# NVIDIA driver for a PowerPC



## pavl (Oct 24, 2012)

Hello,

First I am completely new to FreeBSD... and still learning from the handbook :stud.

I installed "FreeBSD RELEASE 9.0" of on my laptop which is a "PowerBook G4 12 inches" with a "NVIDIA GeForce4 440 Go 64M" video card.

I installed the x11-drivers/xf86-video-nv driver for X11. It is working but it is slow under Xfce4. I tried to install the x11-drivers/xf86-video-nouveau driver to see if it could perform better, no luck. It seems that the driver is not supported for "powerpc".
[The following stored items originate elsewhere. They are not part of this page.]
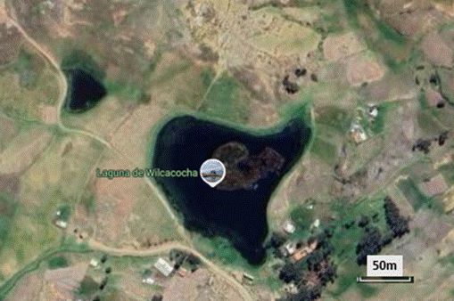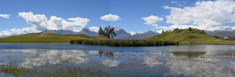 ウィルカコチャ湖 目的地のウィルカコチャ湖(Laguna de Willcacocha)に到着(写真下)。標高が3720mほどですから、富士山(3775m)の火口に水が貯まったようなものです。湖は風景がきれいなだけでなく、水草が生い茂り、水鳥がいて、水系が豊かです。写真下の真ん中に見えるのは湖の中にできた島で、たぶん水鳥の棲み処です。
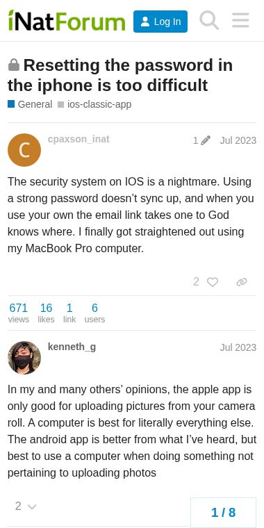 RESETTING THE PASSWORD IN THE IPHONE IS TOO DIFFICULT - GENERAL - INATURALIST COMMUNITY FORUM
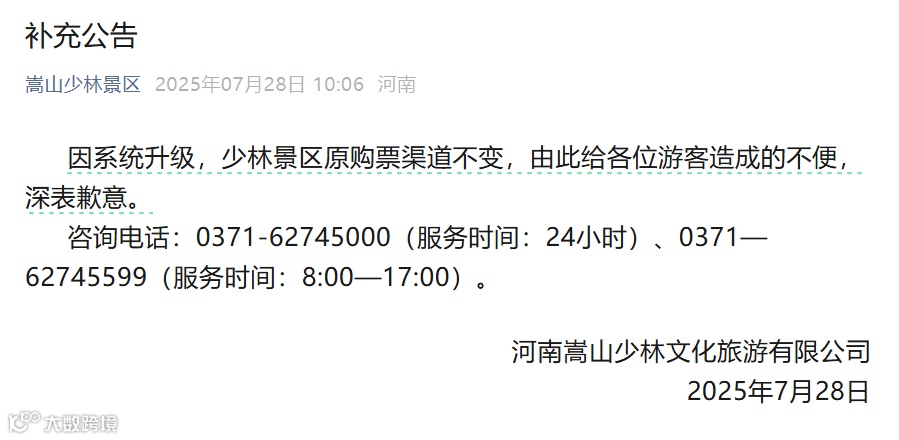 公告称,因系统升级,少林景区原购票渠道不变,由此给各位游客造成的不便,深表歉意。
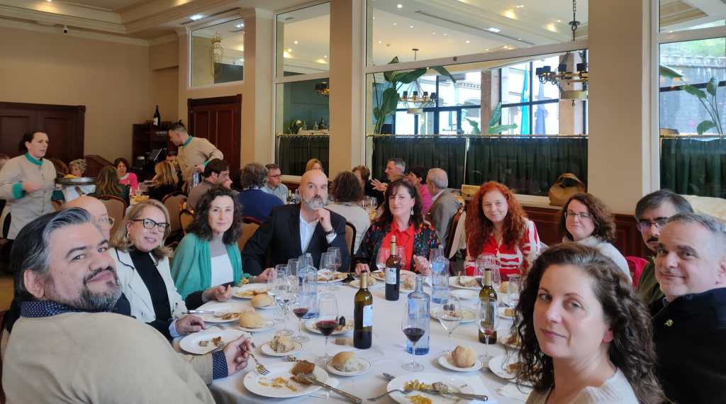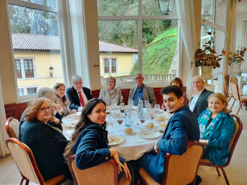Por la tarde, tras la comida de celebración en el Gran Hotel Pelayo, tuvo lugar una sesión de trabajo titulada “Vestigios en los territorios: pasado de un reino proyectado en el futuro”, donde cada embajador hablaba de los elementos más importantes del Reino de Asturias en su territorio. Además, dos socios colaboradores de AARA, Julio Ruíz y Pablo Viejo hablaron, de la aportación de la imagen 3D, los hologramas y la IA para ahondar en el conocimiento de esos dos siglos, sus treces reyes y los territorios que configuraron el reino instaurado por Pelayo.
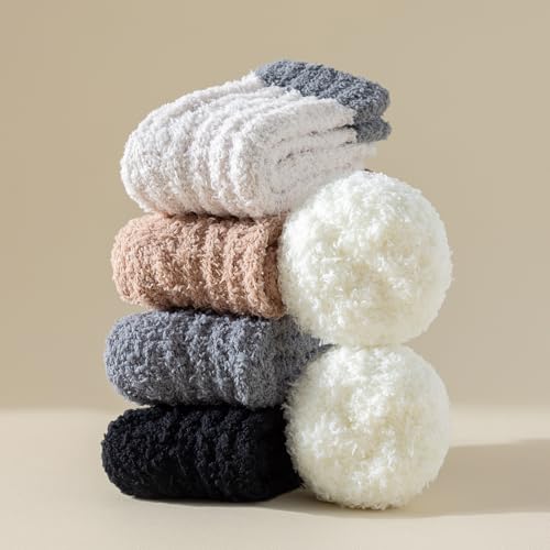 fauson Fuzzy Socks for Women - 5 Pairs Slipper Socks for Women
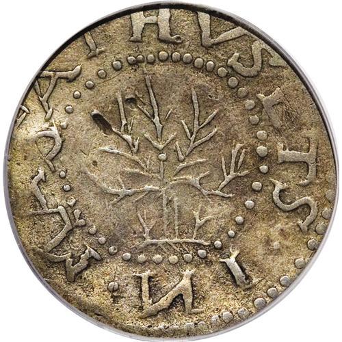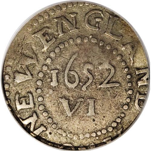 <B>1652 6PENCE Oak Tree Sixpence VF30 PCGS.</B></I> IN on obverse. Crosby 1b-D, Noe-22, R.5. The S at 3 o'clock is corrected, which distinguishes Noe-22 from its Noe-20 and Noe-21 predecessors. The tree is sharp, as are the date and denomination. Slightly wavy, as made from a rocker press. The reverse is misaligned toward 5 o'clock, with a portion of ANO of the flan, but the obverse is well centered with a few upper left letters close to the rim. The aqua, rose, and cream-gray surfaces are smooth except for two small marks on the extremities of the tree. Listed on page 37 of the 2007 <I>Guide Book.</B></I><BR><BR><b>Shipping:</b> Coins & Currency (<a target="_blank" href="http://www.heritageauctions.com/common/shipping.php">view shipping information</a>)

Is there a way to install a NVIDIA driver for PowerPC?

Thank you,

~ pavl


----------



## jaxxed (Oct 25, 2012)

Did you check here: http://www.freebsd.org/doc/en/articles/compiz-fusion/nvidia-setup.html ?

There is a blob nvidia driver available (if you don't mind closed source drivers) The nv port is pretty ancient, and nouveau is broken due to it's depenence on KMS, which freeBSD is only getting now (fbsd10).

Check the nvidia provided binary driver for compatibility wth your card.


----------



## SirDice (Oct 25, 2012)

The nvidia driver (x11/nvidia-driver) is only available for AMD64 and i386.

You're stuck with x11-drivers/xf86-video-nv.


----------



## pavl (Oct 26, 2012)

Thank you but ... it's sad too


----------



## sossego (Oct 31, 2012)

There was a mention on the mailing list about someone who is trying to port a 3d driver. All help and input is appreciated.


----------